Just heard, incidentally, that St Petersburg is working on a 25-year management contract for the airport with Fraport, operators of Frankfurt airport. This should speed things up.

But no worry, it is an illustration in Porsche Panamera, one of the books above the working fire in the lobby of W St Petersburg
(The same source says to avoid having to get the cumbersome visa required by many nationalities to enter Russia, come in by ferry, from Estonia, Finland or Sweden, and you can stay in Russia for 72 hours without a visa.) Anyway, I am here, with a visa, and staying at W St Petersburg.
The ever-thoughtful GM Peter Katusak-Huzsvar has done a deal with Taschen and it seems all their books are scattered around somewhere or other.
There is also another mega book, published by Delius Klasing. This is called Porsche Panamera and one of Frank Orel’s brilliant photos is – well this, enthusiasts over the car bonnet.
We were looking at the book as we lunched in the bar, up at its café counter. Alain Ducasse’s MiX restaurant, with its three slightly-different eating venues, was superb at dinner and breakfast but we wanted something fast.

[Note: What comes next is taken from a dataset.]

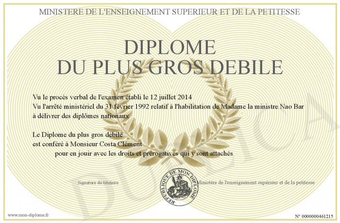 Envoyez par email votre Diplôme du plus gros débile personalisé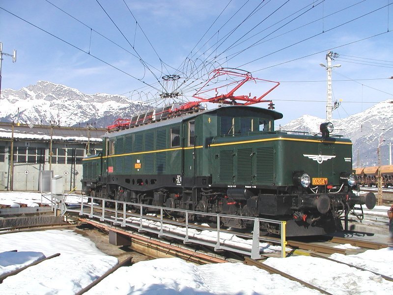 Wäre die Computernummer nicht, könnte das Bild auch älter sein: 1020 027-7 Anfang der 90er auf der Drehscheibe des Bw Innsbruck.

A club sandwich sensibly came as four individual sandwiches, crusts off and held with decorative toothpicks. A Greek salad came with Russian bread – how international can one get? The Italian La Cimbali coffee machine prides itself on being best for Italian lifestyle…
As we sat at lunch we looked across at what will be Four Seasons Hotel Lion Palace St Petersburg (journalists are not going to like that name, it takes up so many precious ‘words’!). The hotel is now set for opening, says its ultra-tall GM, Martin Rhomberg, on October 15th, 2012.

Looking up at a section of the Four Seasons' lobby ceiling, gilded with 18-carat gold (the chandelier is still dust-sheet covered)
The bedrooms are mostly ready, as is the splendid Winter Garden conservatory in the glassed-over central courtyard. The problem is utilities, sticking pipes through four-feet walls that go back to 1824, when it was built as the Lion Palace.
Rhomberg coducted a lightning after lunch tour. The main entrance has been restored to its original glory – you sweep up 38 ten-foot wide marble stairs from the main hall, the walls filled with cartouches of war exploits and, overhead, enough 18-carat gold-leaf highlighting to keep even that king of bling P-Diddy happy.
Loved the Pan-Asian restaurant, a SPIN design with hundreds of baseball-bat shaped lights hanging down. The 183 bedrooms are cool (they are designed by Cheryl Rowley, who has used palest duck egg blue for walls, and perfectly blended champagne-hued sheets with matching real leather headboards).
The Presidential Suite is going to wow everyone, from P-Diddy to Putin. It has a 2,000kg bathtub sculpted from one block of flecked marble, and an outside terrace, with original 40-ft columns, that gives views soaring over Alexandrovsky Gardens opposite.
Oh yes, the luxury hotel will have a four-floor wellness block, and a smoking bar, the Alexander – named after the assassinated Tsar Alexander II, he of the gardens opposite – that has walls completely formed of heavily knotted walnut veneer and a two-way real-log working fireplace.
Enough. Back at W St Petersburg it was time to show loyalty to the Porsche Panamera, and off we purred.